In my junior high days, not only did I have a weakness for books about the occult and psychic investigators (or whoever passed as them then), but I enjoyed tales about detectives like Algernon Blackwood’s Dr. John Silence and Seabury Quinn’s Jules de Grandin. When I hit full adolescence, I wrote my own parodies of a hard-boiled psychic private eye named Ed Migraine. By the time Anita Blake and Dirk Gently came by, I had moved on to what I thought were greater things. Harry Dresden may have hung out in Chicago, his books felt like someone trying to swat flies with a Howitzer. Not my thing.

Recently, though, I’ve been feeling nostalgic for Ed Migraine, so I picked up the latest in Simon R. Green’s Ishmael Jones series. Jones and his companion, Penny Belcourt, seemed more my speed than Harry Dresden.

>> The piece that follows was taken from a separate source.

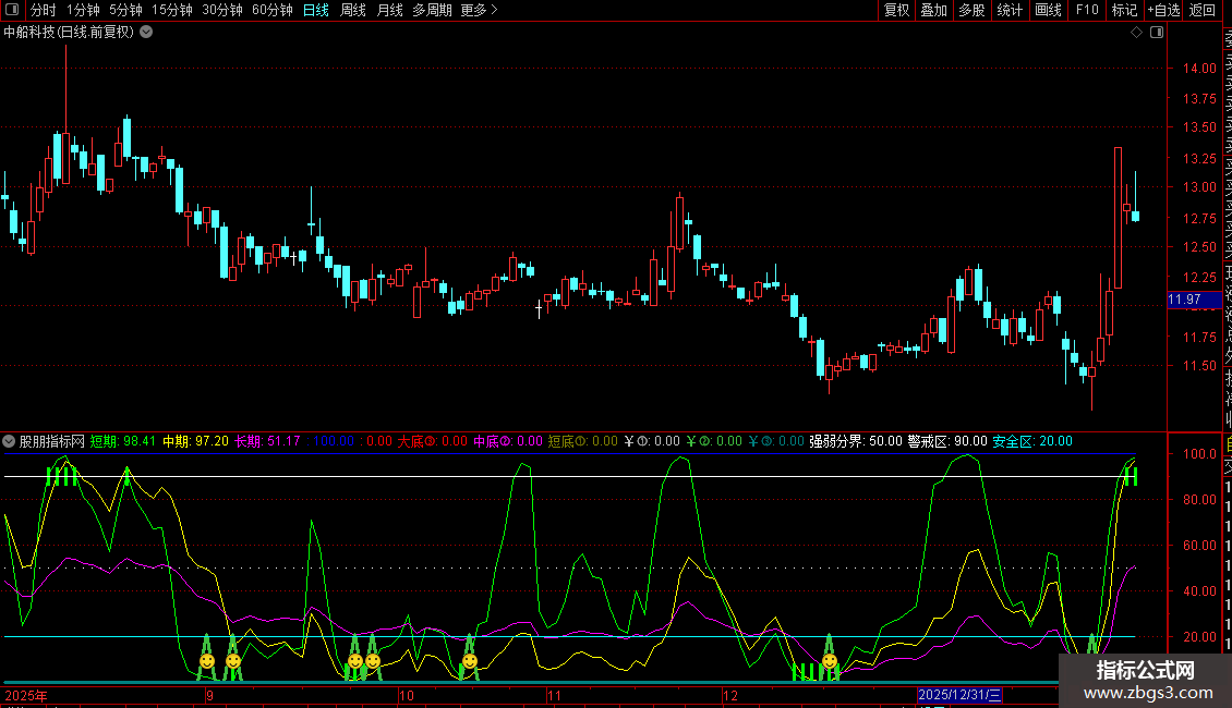 STICKLINE(短期>90 AND 中期>70,86,94,1,0),COLOR00FF00;
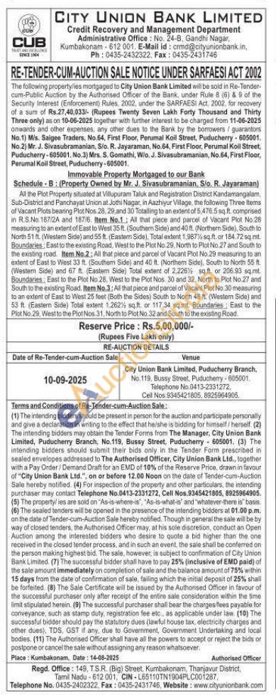 All the Plot Property situated at Villupuram Taluk and Registration District Kandamangalam, Sub-District and Panchayat Union at Jothi Nagar, in Aazhiyur Village, the following Three Items of Vacant Plots bearing Plot Nos 28, 29 and 30 Totalling to an extent of 5,476.5 sq.ft. comprised in R.S.No 187/24 and 187/6. Bem No.1 All that piece and parcel of Vacant Plot No 28 measuring to an extent of East to West 35 ft. (Southern Side) and 40 ft. (Northern Side), South to North 51 ft. (Western Side) and 55 ft. (Eastem Side), Total extent 1.987% sq.ft. or 184.72 sq.mt. Boundaries: East to the existing Road, West to the Plot No 29, North to Plot No 27 and South to the existing road. Hem No.2: All that plece and parcel of Vacant Plot No.29 measuring to an extent of East to West 33 ft. (Southem Side) and 40 ft. (Northem Side), South to North 55 ft (Western Side) and 67 ft. (Eastem Side) Total extent of 2.226% sq.ft. or 206.93 sq.mt. Boundaries: East to the Plot No.28, West to the Plot Nos. 30 and 32. North to Plot No 27 and South to the existing Road. Item No.3: All that piece and parcel of Vacant Plot No. 30 measuring to an extent of East to West 25 feet (Both the Sides) South to North 48 ft. (Westem Side) and 53 ft. (Eastern Side) Total extent 1,262% sq.ft. or 117.34 sq.mt. Boundaries: East to the Plot No.29, West to the Plot Nos 31, North to Plot No. 32 and South to the existing Road.

This latest adventure has them at Glenbury Hall, where an associate of theirs has disappeared. It’s supposed to be the most haunted place in England, reminding me of the historic Borley Rectory. It’s loaded with strange, creepy, scary stuff, which suits me fine. Ishmael and Penny are experienced enough with this stuff to keep their wits and wittiness about them.

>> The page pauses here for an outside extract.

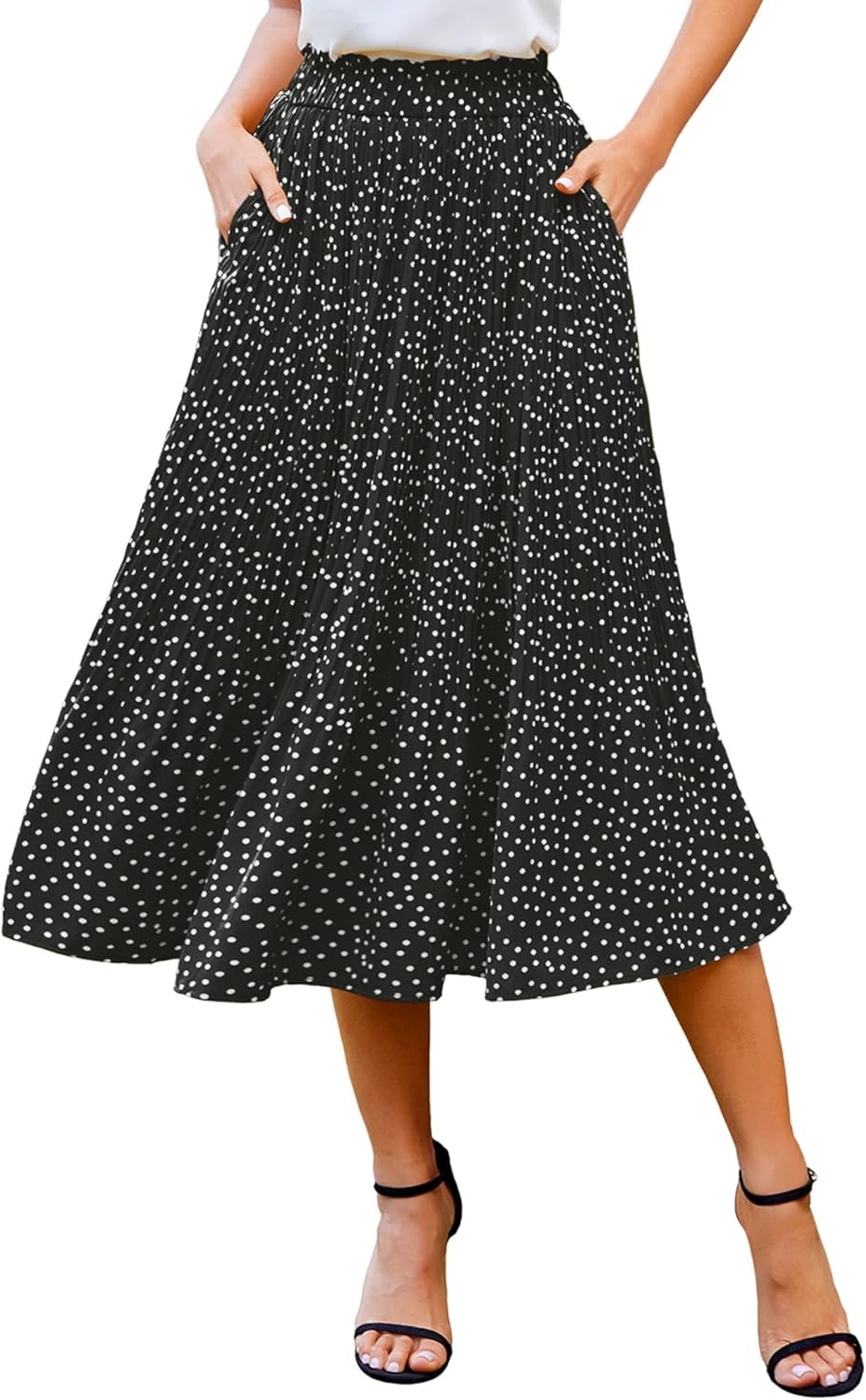 Zeagoo Women's Midi Skirts High Waisted Pleated A-Line Swing Skirts Summer Floral Long Skirts with Pockets
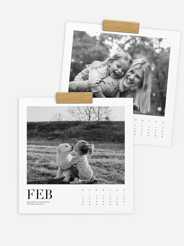 Ein Kalender bringt eure schönsten Momente Monat für Monat an die Wand: Das perfekte Geschenk für Kinder, Großeltern, Partner:in, Freund:innen, Kolleg:innen … oder einfach für dich selbst. Du speicherst deine Lieblingsmomente nur ein einziges Mal – und wählst daraus ganz leicht die schönsten Fotoprodukte für deine Liebsten. Wir schenken dir 10 %, wenn du zwei oder mehr Fotoprodukte* bestellst.

Nevertheless, things get stranger and stranger until they seem to be on the verge of a very science-fictional spatial-temporal paradox.

Or at least so it seems.

For me, as a reader, it feels like the farther you travel, the closer you get to home.

In books like this, the “detective” part has to be as strong, if not stronger, than the “occult” part. It works for me in Haunted by the Past. Readers more familiar with this subgenre may not be as impressed, but Green’s prose is efficient without being utilitarian. And it’s of a good length (283 pages) to keep things moving and engaging.

I’m not quite ready to leap back into occult mystery stories, but I’m sorely tempted to pick up some more books in this series and perhaps reacquaint myself with what intrigued me about ghosts, poltergeists and suchlike in the first place.

#

The Scarab Mission
by James L. Cambias
Baen
January 2023

In all honesty, James L. Cambias is definitely not outside my comfort zone, though I must confess that I was about to throw in the towel on any more novels about scavenger ships. Every other SF novel with a spacefaring setting published today has to have a crew of scavengers, it seems.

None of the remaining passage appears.